Digital inline holographic microscopy (DIHM) allows fast three-dimensional imaging of microscopic samples, such as swimming microorganisms1,2 and soft matter systems3,4, with minimal modification to a standard microscope setup. In this paper a pedagogical demonstration of DIHM is provided, centered around software developed in our lab. This paper includes a description of how to set up the microscope, optimize data acquisition, and process the recorded images to reconstruct three-dimensional data. The software (based in part on software developed by D.G. Grier and others5) and example images are freely available on our website. A description is provided of the steps necessary to configure the microscope, reconstruct three-dimensional volumes from holograms and render the resulting volumes of interest using a free ray tracing software package. The paper concludes with a discussion of factors affecting the quality of reconstruction, and a comparison of DIHM with competing methods.
Although DIHM was described some time ago (for a general review of its principles and development, see Kim6), the required computing power and image processing expertise has hitherto largely restricted its use to specialist research groups with a focus on instrument development. This situation is changing in the light of recent advances in computing and camera technology. Modern desktop computers can easily cope with the processing and data storage requirements; CCD or CMOS cameras are present in most microscopy labs; and the requisite software is being made freely available on the internet by groups who have invested time in developing the technique.

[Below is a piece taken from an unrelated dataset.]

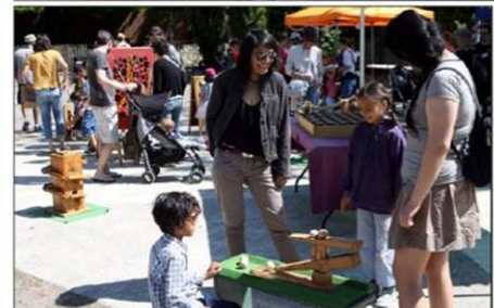
Jeux, activités manuelles, de bricolage, spectacles, animations diverses et une dizaine d'ateliers étaient proposés hier, toute la journée, à l'occasion du festival Môme Z'émerveille. Cette manifestation est dédiée aux enfants et à leurs familles.

Various schemes have been proposed for imaging the configuration of microscopic objects in a three-dimensional sample volume. Many of these are scanning techniques7,8, in which a stack of images is recorded by mechanically translating the image plane through the sample. Scanning confocal fluorescence microscopy is perhaps the most familiar example. Typically, a fluorescent dye is added to a phase object in order to achieve an acceptable level of sample contrast, and the confocal arrangement used to spatially localize fluorescent emission. This method has led to significant advances, for example in colloid science where it has allowed access to the three-dimensional dynamics of crowded systems9-11. The use of labeling is an important difference between fluorescence confocal microscopy and DIHM, but other features of the two techniques are worth comparing. DIHM has a significant speed advantage in that the apparatus has no moving parts. The mechanical scanning mirrors in confocal systems place an upper limit on the data acquisition rate – typically around 30 frames/sec for a 512 x 512 pixel image. A stack of such images from different focal planes can be obtained by physically translating the sample stage or objective lens between frames, leading to a final capture rate of around one volume per second for a 30 frame stack. In comparison, a holographic system based on a modern CMOS camera can capture 2,000 frames/sec at the same image size and resolution; each frame is processed `offline’ to give an independent snapshot of the sample volume. To reiterate: fluorescent samples are not required for DIHM, although a system has been developed that performs holographic reconstruction of a fluorescent subject12. As well as three-dimensional volume information, DIHM can also be used to provide quantitative phase contrast images13, but that is beyond the scope of the discussion here.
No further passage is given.